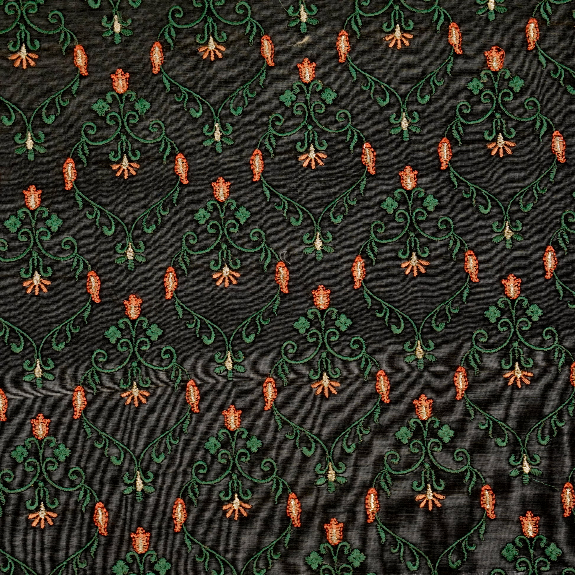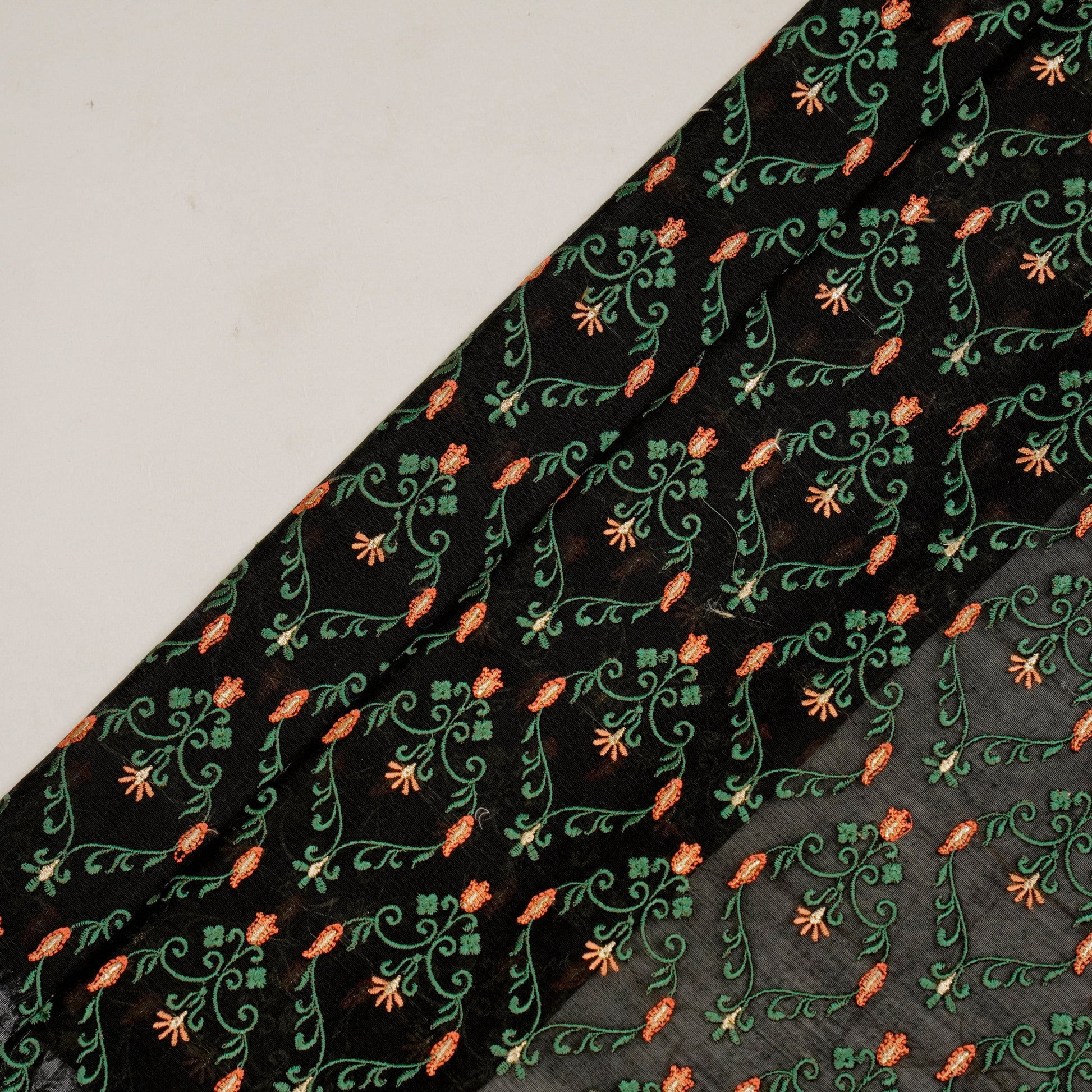 Raza Black Chanderi Embroidered Fabric in Jaal Pattern
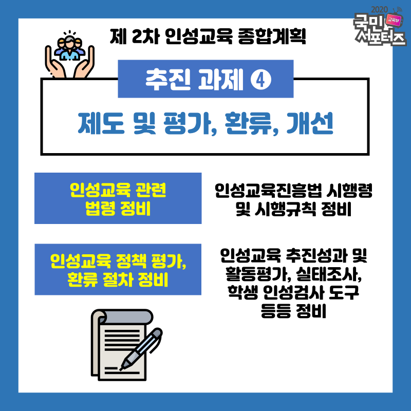 인성교육 추진성과 및 활동 평가, 인성교육 실태조사, 학생 인성 검사 도구의 목적, 내용, 방법 등을 정비합니다.
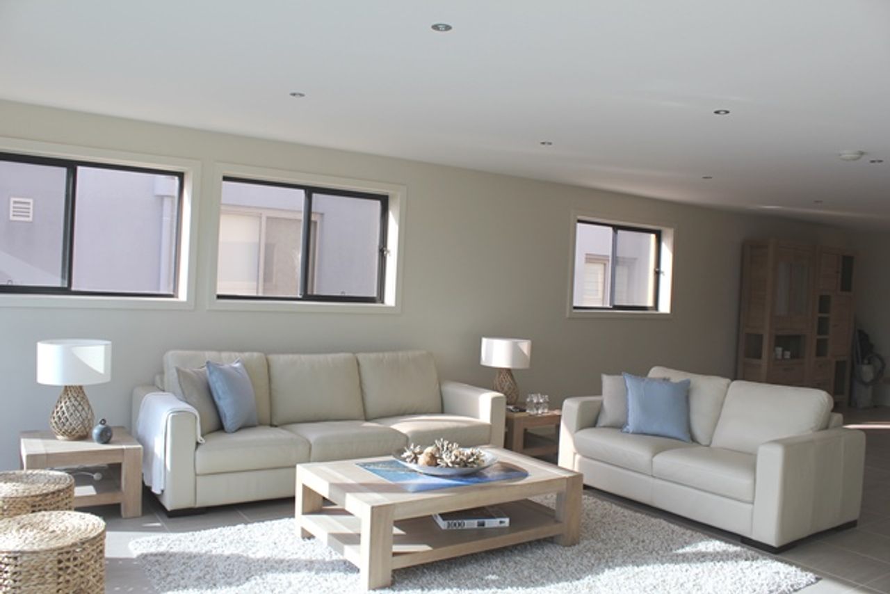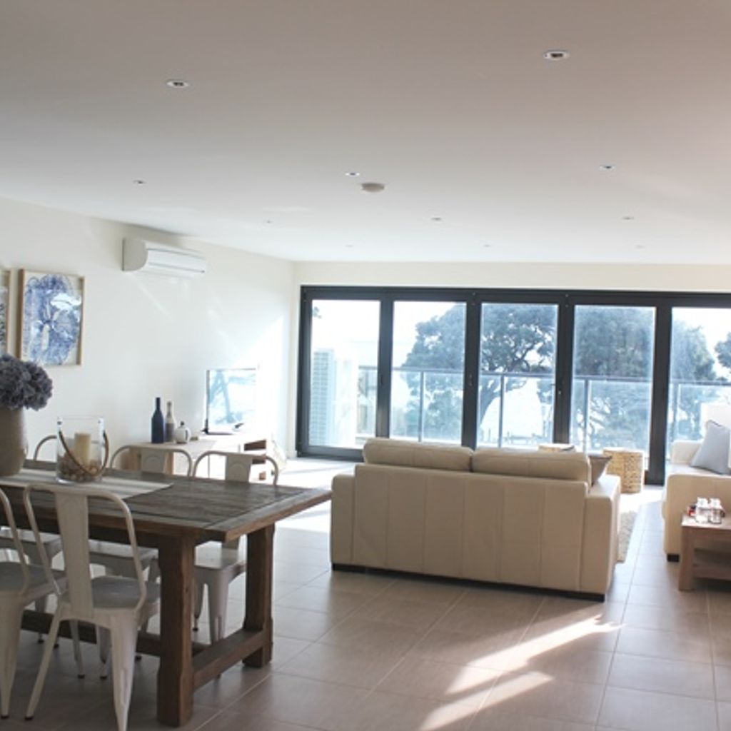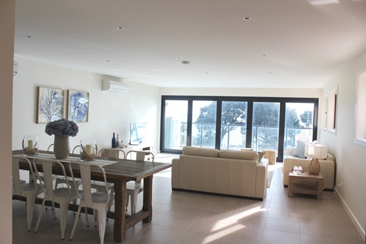 A north facing lounge provides a sunny environment. And, with comfortable leather sofas, flat screen Tv and dvd player, and a split system in the main living area all the seasons are covered. Enjoy the spacious feel of the living, dining and kitchen area. The kitchen has electric cooking appliances, microwave, dishwasher and all you need to prepare and serve the family meals. Sit at the 8 seater dining table or open up the glass doors to the undercover balcony with bbq and take in the stunning sea views.

PROBLEM REQUIREMENTS: Write out the whole listing verbatim, images excluded.

SOLUTION BELOW:
 Raza Black Chanderi Embroidered Fabric in Jaal Pattern
 인성교육 추진성과 및 활동 평가, 인성교육 실태조사, 학생 인성 검사 도구의 목적, 내용, 방법 등을 정비합니다.
 A north facing lounge provides a sunny environment. And, with comfortable leather sofas, flat screen Tv and dvd player, and a split system in the main living area all the seasons are covered. Enjoy the spacious feel of the living, dining and kitchen area. The kitchen has electric cooking appliances, microwave, dishwasher and all you need to prepare and serve the family meals. Sit at the 8 seater dining table or open up the glass doors to the undercover balcony with bbq and take in the stunning sea views.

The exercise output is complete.